The contrast with what the Centre can do is stark. The Centre does well at macro tasks while states deliver micro ones. The Centre is also effective at tasks that require inter-state coordination and regulation. What it cannot do are tasks that require intimate knowledge of local conditions. Healthcare, irrigation and aspects of law and order fall in that class. These clear lines of what they can and what they cannot do should be evident to state governments. In recent years, this ability has been lost after bitter electoral campaigns have placed politicians as chief ministers who think that opposing the Centre is necessary for their political well-being, if not survival.
Vaccination is a task that requires both Centre and states to cooperate seamlessly: the Centre to arrange vaccines and states to make local arrangements for executing vaccination.
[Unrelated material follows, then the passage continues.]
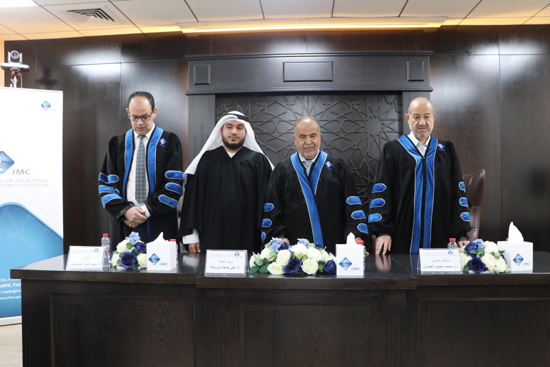 مناقشة رسالة الطالب: كمال إسماعيل كمال إبراهيمي بتخصص الفقه لرسالته للماجستير الموسومة: كتاب " الإيجاز " تأليف تاج الدين محمود بن محمد الكرماني الشافعيَّ الأصفهيدي المُتوفى سنة 807 هـ من أول كتاب البيع إلى نهاية كتاب الخلع" دراسةً وتحقيقا، والمشكل لمناقشتها لجنة برئاسة أ.د علي جمعة الرواحنة رئيساً للجنة، وعضوية أ.د محمد محمود العموش أستاذ الفقه وأصوله في جامعة الشارقة مناقشاً خارجياً، و د. محمد حسن عبدالوهاب مشرفاً.

This is more so in a pandemic when vaccine supplies are scarce and states competing with each other for the few available doses would be extremely counter-productive. But this is exactly what some chief ministers—mostly ambitious ones from non-BJP ruled states—bargained for until they realised their mistake.
This begs an explanation. It is hard to believe that these chief ministers don’t know the limitations of what their governments can do. The answer is to be found in the extremely polarised and competitive politics that India has seen in the last one decade or so. With BJP gaining ground in states where it had no presence even a few years earlier, local politicians feel threatened. That starts the game of trying to forge sub-national identities to secure immediate political advantage. Flag, language, local anthems promoted to a sub-national level and even vaccines—nothing has been left out in this mobilisation. The idea behind decentralisation of Covid-19 vaccines was not efficiency—a part of which is legitimate—but to show that sub-nationalism could pip nationalism. In their bid to put down Modi, these ambitious—and nervous at the same time—leaders ended up harming the residents of their states.
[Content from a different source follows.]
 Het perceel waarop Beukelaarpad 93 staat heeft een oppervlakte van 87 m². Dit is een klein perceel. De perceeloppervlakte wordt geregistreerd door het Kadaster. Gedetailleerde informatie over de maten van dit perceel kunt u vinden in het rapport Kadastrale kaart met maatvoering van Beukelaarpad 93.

For the time being, this ruinous game is over. The Centre will procure vaccines for all states—as it should—and give them to states on the basis of clearly spelt-out criteria. Vaccine stocks have been ordered and the pipeline has been strengthened. Hopefully by December, a majority of Indians would have been vaccinated.
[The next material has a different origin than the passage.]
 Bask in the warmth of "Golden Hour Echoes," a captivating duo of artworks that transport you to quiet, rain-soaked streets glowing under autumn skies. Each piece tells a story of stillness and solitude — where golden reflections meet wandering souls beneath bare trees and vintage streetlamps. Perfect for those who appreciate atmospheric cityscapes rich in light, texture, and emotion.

The issue, however, is not one about vaccination but the abuse of “federalism” as an idea and turning it into an ideology that comes close to separatist sentiment. In an earlier age, separatism was based on religion, language and other features that marked off India as a near-ungovernable country. Now, it is being driven by political ambitions. Many regional leaders harbour the dream of becoming prime minister one day. There is absolutely nothing wrong with that. It is the means to that end that are questionable. The standard tactic is to strengthen one’s “base” in the home state using some local feature—language and local symbols are common tropes—to the point that one becomes a sub-national symbol. The next step is fulfilling one’s national ambitions. In the process, however, the foundations of India as a nation-state are being hollowed out. Politically, at the level of the states, and intellectually, by disaffected intellectuals who are in a symbiotic relationship with local leaders. The process ought to be ended decisively by putting “federalism” in its place: as a mere system of distributing local public goods and nothing more. A pandemic is a good reminder that much worse can happen to India. India needs to be vaccinated against the ideology of “federalism.”